Data shown section start

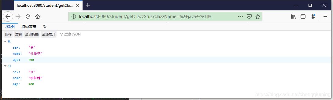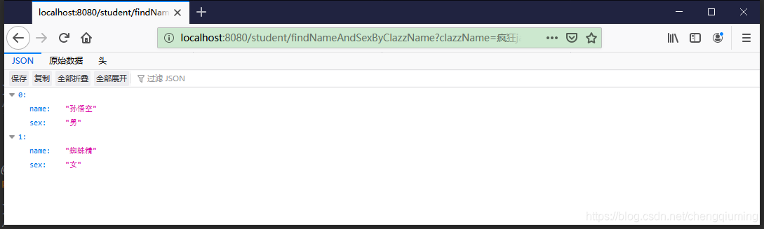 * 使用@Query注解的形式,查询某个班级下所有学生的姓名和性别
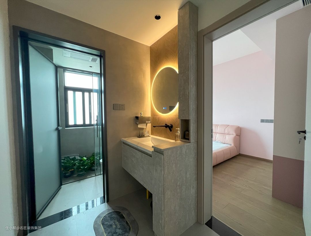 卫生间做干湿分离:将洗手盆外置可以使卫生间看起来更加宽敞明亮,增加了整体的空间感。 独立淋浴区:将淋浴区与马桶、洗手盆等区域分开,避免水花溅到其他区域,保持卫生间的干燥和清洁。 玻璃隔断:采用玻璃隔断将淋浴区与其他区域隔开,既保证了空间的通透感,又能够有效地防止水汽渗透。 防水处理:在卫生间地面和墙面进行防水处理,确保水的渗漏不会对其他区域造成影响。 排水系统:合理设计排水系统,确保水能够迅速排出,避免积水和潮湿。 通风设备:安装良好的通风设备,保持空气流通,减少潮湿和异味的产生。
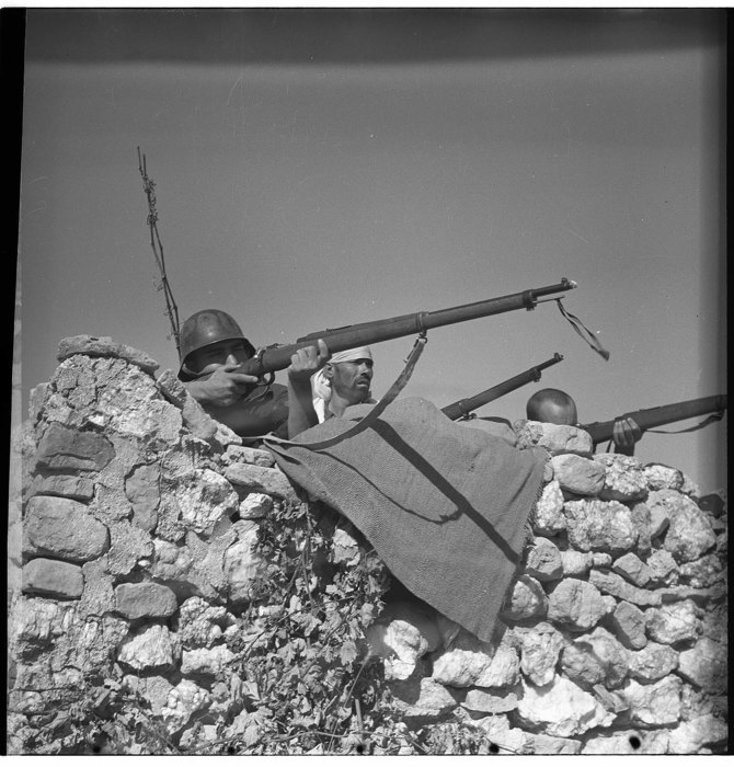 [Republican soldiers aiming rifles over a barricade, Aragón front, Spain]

Data shown section end
Data shown section start

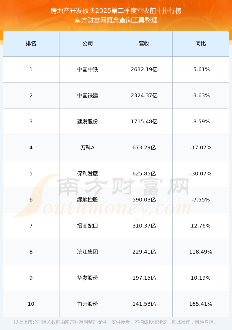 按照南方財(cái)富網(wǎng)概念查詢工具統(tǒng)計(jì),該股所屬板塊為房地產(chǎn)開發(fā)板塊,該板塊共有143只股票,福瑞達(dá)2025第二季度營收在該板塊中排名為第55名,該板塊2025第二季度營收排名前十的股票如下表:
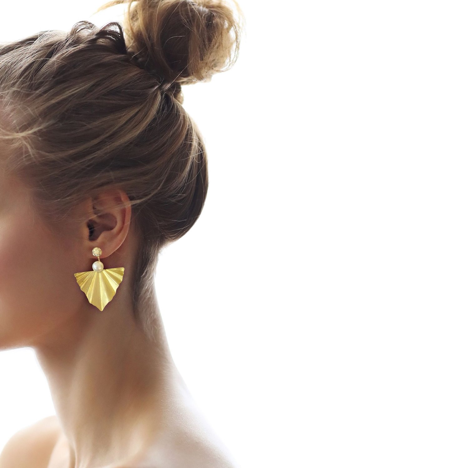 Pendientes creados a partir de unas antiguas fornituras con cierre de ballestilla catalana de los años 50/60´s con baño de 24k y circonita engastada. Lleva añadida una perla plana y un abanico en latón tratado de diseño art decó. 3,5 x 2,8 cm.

Data shown section end
Data shown section start

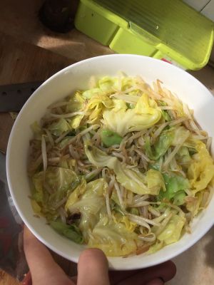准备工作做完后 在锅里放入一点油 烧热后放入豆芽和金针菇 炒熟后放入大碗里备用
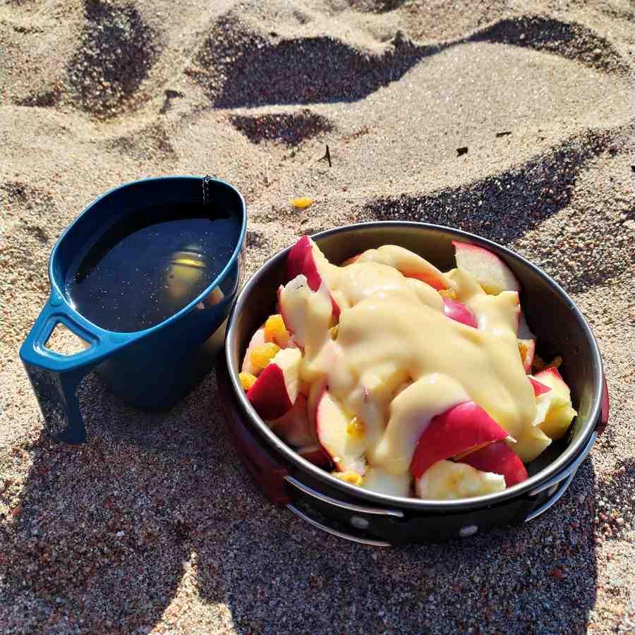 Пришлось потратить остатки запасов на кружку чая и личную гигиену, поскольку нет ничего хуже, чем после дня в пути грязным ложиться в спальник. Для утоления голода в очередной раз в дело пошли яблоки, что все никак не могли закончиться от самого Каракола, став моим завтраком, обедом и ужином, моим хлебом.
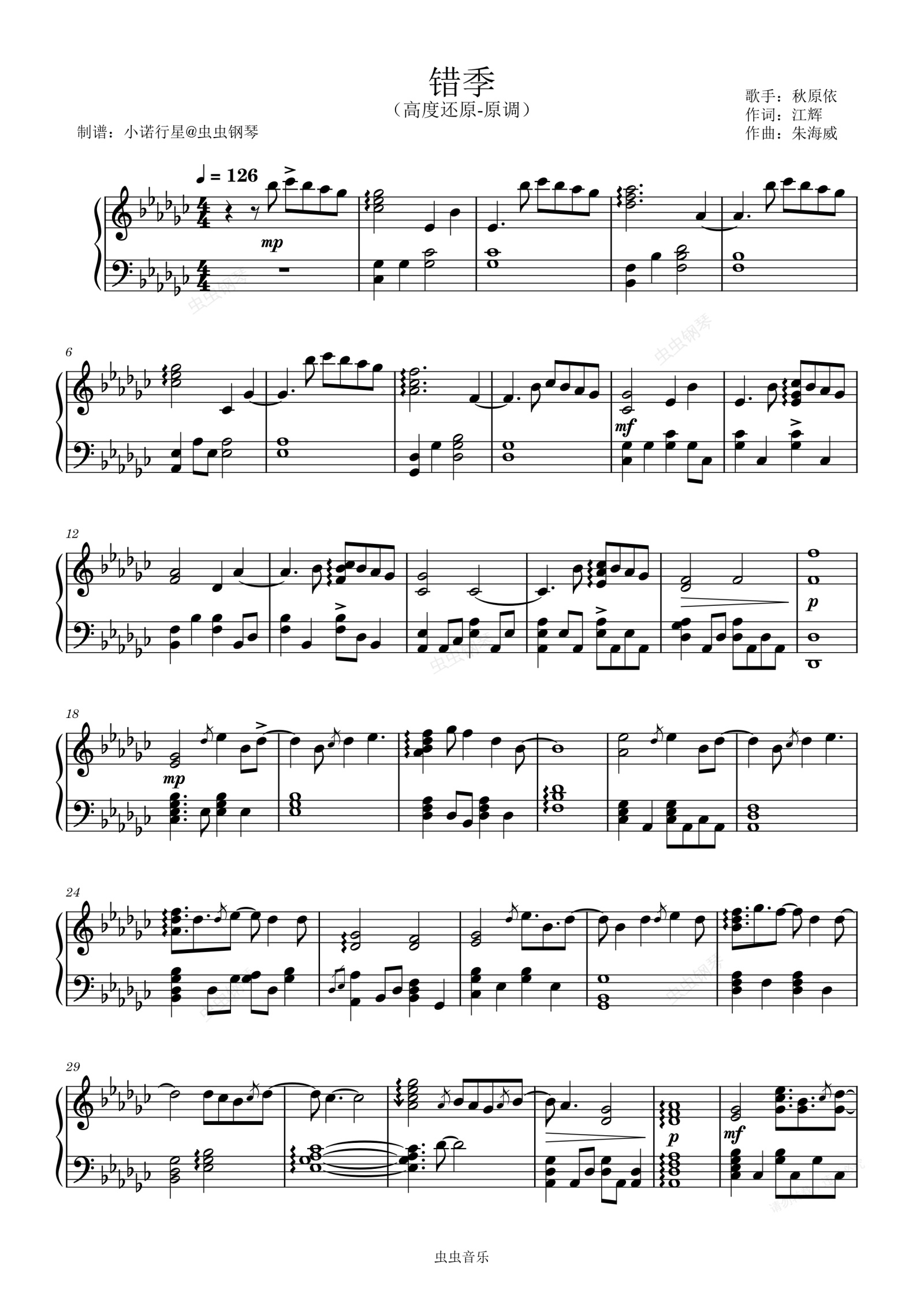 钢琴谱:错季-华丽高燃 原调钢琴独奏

Data shown section end

Assignment: Look above for the line with "按照南方財(cái)富網(w" and the line with "Pendientes creados a"; set down those two lines and all lines between them exactly, without pictures and without anything else.

Response to this exercise:
 按照南方財(cái)富網(wǎng)概念查詢工具統(tǒng)計(jì),該股所屬板塊為房地產(chǎn)開發(fā)板塊,該板塊共有143只股票,福瑞達(dá)2025第二季度營收在該板塊中排名為第55名,該板塊2025第二季度營收排名前十的股票如下表:
 Pendientes creados a partir de unas antiguas fornituras con cierre de ballestilla catalana de los años 50/60´s con baño de 24k y circonita engastada. Lleva añadida una perla plana y un abanico en latón tratado de diseño art decó. 3,5 x 2,8 cm.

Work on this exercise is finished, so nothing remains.